• **COLLECTED MATERIAL**
====
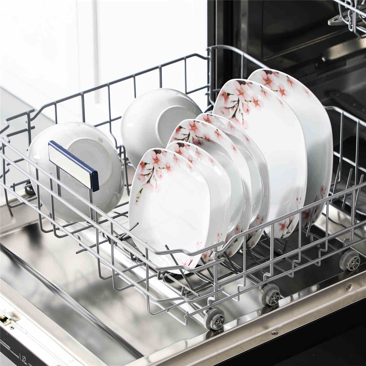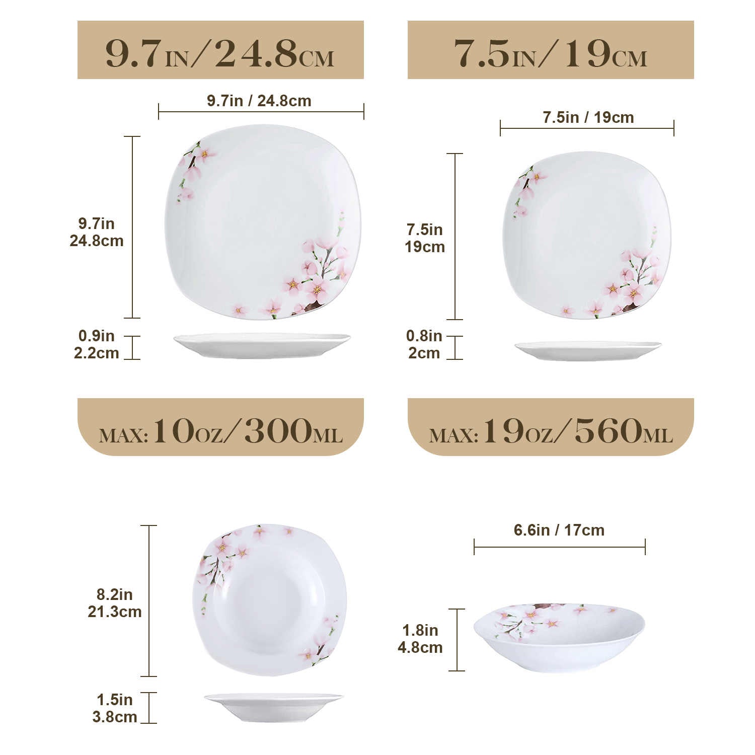 • Fine porcelain square dinnerware set, service for 6, pink floral pattern
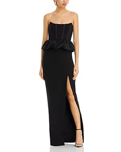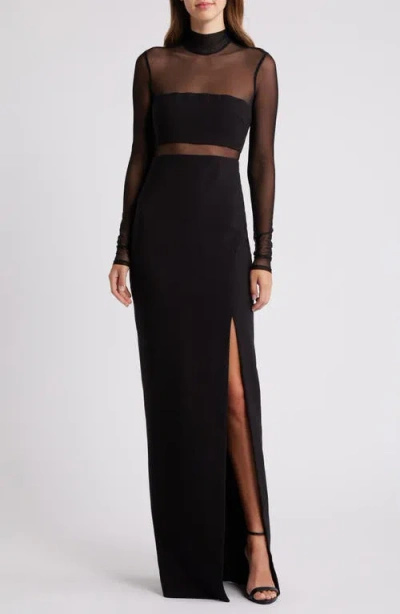 Andie Mixed Media Long Sleeve Column Gown In Black
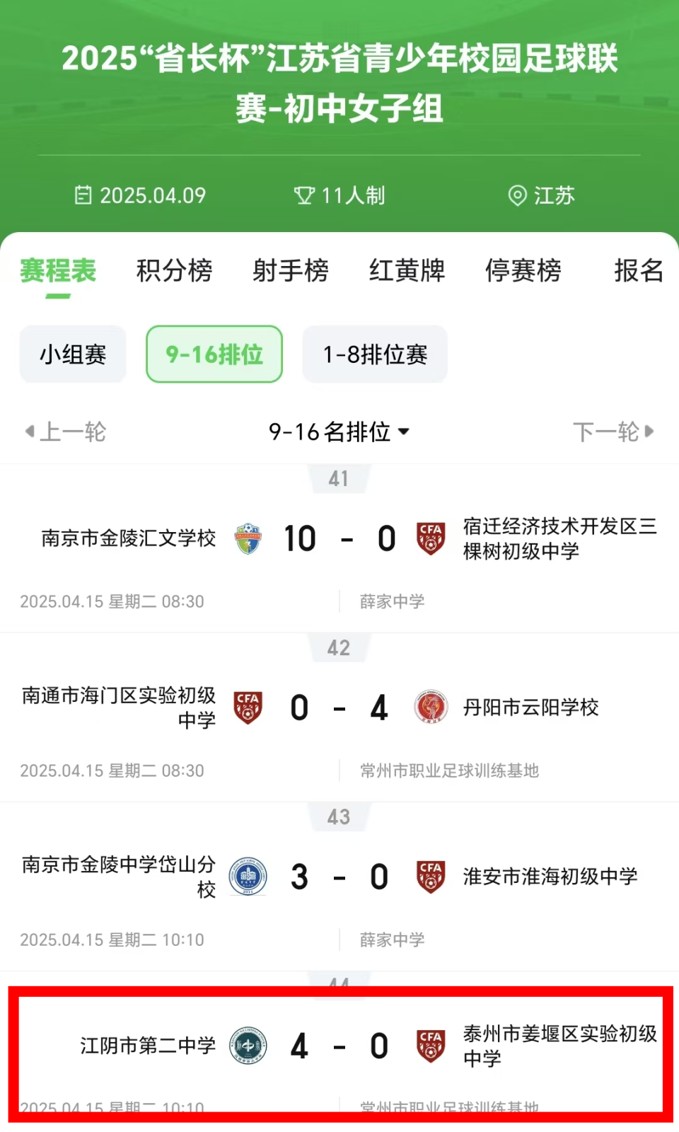 泰州的姜堰实验初中,则参加了省长杯初中女子组。小组赛期间1胜3负排在小组第四;9-16名排位赛,4球完败江阴二中。
====
• **AIM OF THE TASK**
The expected output is the complete listing, word for word, without any picture.

• **EXERCISE ANSWER**
 • Fine porcelain square dinnerware set, service for 6, pink floral pattern
 Andie Mixed Media Long Sleeve Column Gown In Black
 泰州的姜堰实验初中,则参加了省长杯初中女子组。小组赛期间1胜3负排在小组第四;9-16名排位赛,4球完败江阴二中。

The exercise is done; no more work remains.